Pan Seared Chicken with Green Bean, Japanese Eggplant, and Muscadine Sauté
Pan Seared Chicken with Green Bean, Japanese Eggplant, and Muscadine Sauté

Hey everyone, it’s me, Dave, welcome to my recipe site. Today, I will show you a way to make a distinctive dish, pan seared chicken with green bean, japanese eggplant, and muscadine sauté. One of my favorites food recipes. This time, I am going to make it a little bit tasty. This is gonna smell and look delicious.

To accompany pan-seared chicken, we're making a pair of satisfying sides: roasted eggplant, which turns deliciously creamy when mashed with Greek While the eggplant roasts, pat the chicken dry with paper towels; season with salt and pepper on both sides. In a medium pan (nonstick, if you have. Eggplant isn't like green beans or broccoli that you can just steam and top with butter.

Pan Seared Chicken with Green Bean, Japanese Eggplant, and Muscadine Sauté is one of the most popular of current trending foods in the world. It’s easy, it is fast, it tastes delicious. It is enjoyed by millions every day. Pan Seared Chicken with Green Bean, Japanese Eggplant, and Muscadine Sauté is something which I have loved my entire life. They are nice and they look wonderful.

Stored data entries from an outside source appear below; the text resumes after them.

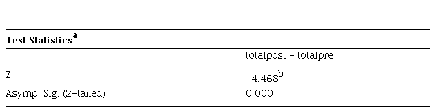 Since there was no normal distribution, the Wilcoxon Signed Ranks Test was used to determine whether the difference between the pre-test and post-test survey mean scores were statistically significant or not. A Wilcoxon Signed Ranks Test revealed that the mean scores of the post-test survey were significantly higher after the implementation of the project (M=4.51, n=58) compared to before (M=4.31, n=58), z = -4.468, p= 0.000, with a large effect size, r= 0.59. More than 0.50 effect size is considered a large effect size (Cohen, 1988).
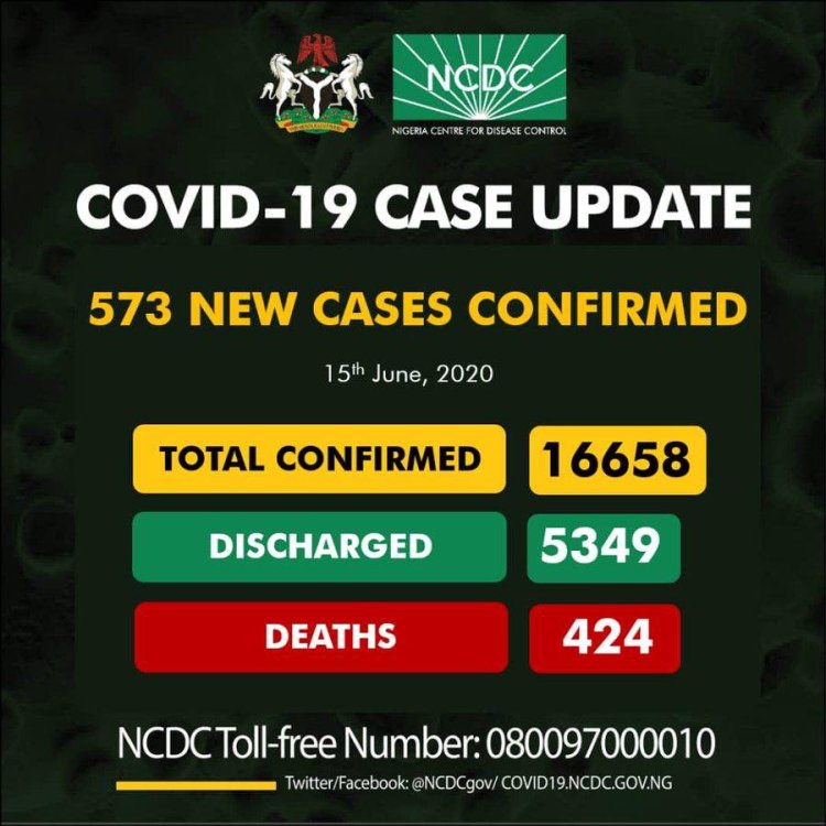 The Nigeria centre for disease control has confirmed 573 new cases of COVID-19
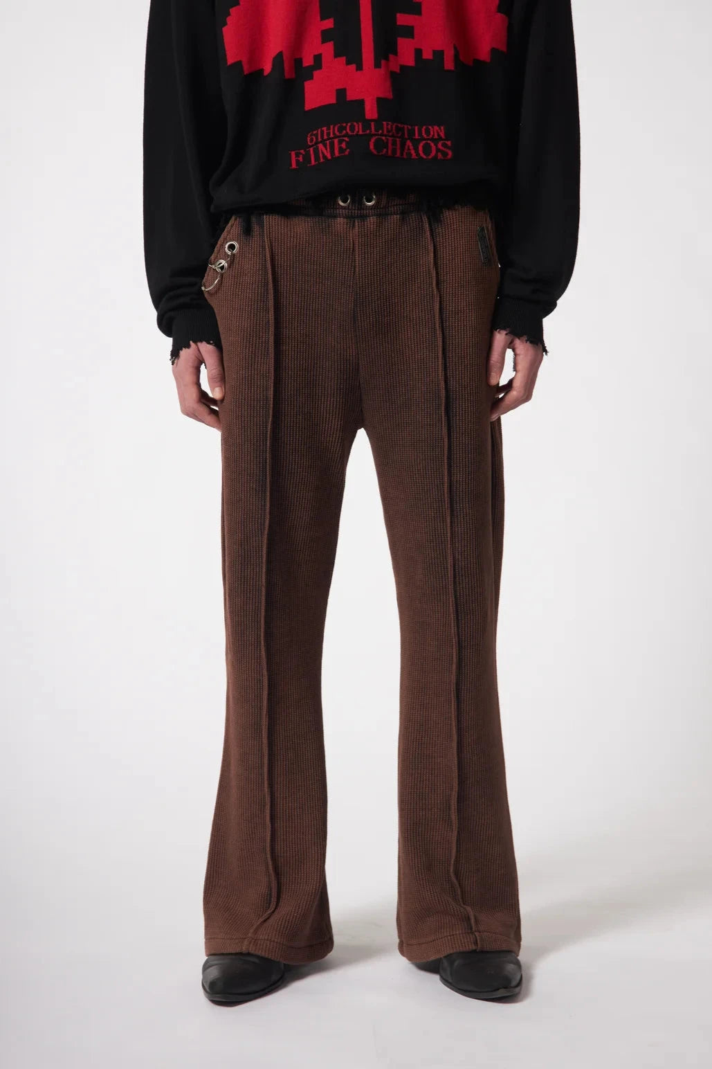 Brown trousers made from heavy organic cotton rib featuring metal details on each pocket.

To get started with this particular recipe, we have to prepare a few ingredients. You can have pan seared chicken with green bean, japanese eggplant, and muscadine sauté using 12 ingredients and 6 steps. Here is how you can achieve it.

The ingredients needed to make Pan Seared Chicken with Green Bean, Japanese Eggplant, and Muscadine Sauté:
  1. Prepare 8 oz boneless, skinless chicken
  2. Get 1 Kosher salt, to taste
  3. Make ready 1 Black pepper, to taste
  4. Prepare 4 oz muscadines, peeled and seeded
  5. Take 3 tbsp vegetable oil, divided
  6. Make ready 2 sprigs fresh marjoram
  7. Take 1 each chicken bouillon cube
  8. Prepare 1 each Japanese eggplant, halved and sliced 1/4”
  9. Get 6 oz green beans, chopped into 2” pieces
  10. Make ready 2 tsp brown sugar
  11. Make ready 2 tbsp butter
  12. Make ready 1 oz Parmesan or other hard cheese, shaved

Add your favorite protein for a great one dish meal! This is my version of my friend Mayumi's recipe. Slice your eggplant thinly and into small pieces. Toss eggplant in hot pan (I use a spray oil like Pam) with the sauce mixture.

Instructions to make Pan Seared Chicken with Green Bean, Japanese Eggplant, and Muscadine Sauté:
  1. Season the chicken with kosher salt and black pepper, and set aside at room temperature.
  2. To peel and seed the muscadines: cut the muscadines in half, starting at the stem end. Working over a bowl to catch excess juice, remove the seeds and discard, pinch to press the flesh from the peel. Put the flesh in with the juice, and reserve the skins separately.
  3. Heat a small sauté pan over medium-high heat, then add 1 tablespoon of vegetable oil. Cook chicken until browned on first side, flip and add marjoram sprigs and muscadine - skins. Once chicken is cooked through, remove chicken from the pan and set - aside. Dissolve bouillon cube in 4 ounces of water, and bring to a boil. Reduce heat to simmer and cook until the volume of the stock has reduced by about half, then turn off the heat. Remove the herb stems and muscadine skins.
  4. Heat a large sauté pan over medium-high heat. Add half of the vegetable oil and eggplant. Cook while stirring for 2-3 minutes. Add the green beans, and continue to cook and stir for 5-6 more minutes, or until the veggies are just cooked. Stir in the muscadine flesh, and season to taste with salt and pepper.
  5. Return the chicken to the pan with chicken stock, and warm over medium heat. Stir in the brown sugar and butter and adjust seasoning to taste with salt and pepper.
  6. Place a mound of green beans, eggplant and muscadines in the center of the plate, then top with shaved cheese. Carefully set the chicken on top of the vegetables. Enjoy!

Stir fry Spicy Chicken Green Bean with Black Bean Sauce. Easy Pan-Seared Chicken Breasts have a crunchy crust and lots of flavor from Italian seasoning! This easy chicken recipe turns out excellent every single time! To make this pan seared chicken, make sure to use thin boneless skinless chicken breasts. You can easily dredge them in the flour mixture.

So that’s going to wrap this up for this exceptional food pan seared chicken with green bean, japanese eggplant, and muscadine sauté recipe. Thank you very much for reading. I am sure you will make this at home. There’s gonna be more interesting food at home recipes coming up. Remember to bookmark this page on your browser, and share it to your loved ones, friends and colleague. Thanks again for reading. Go on get cooking!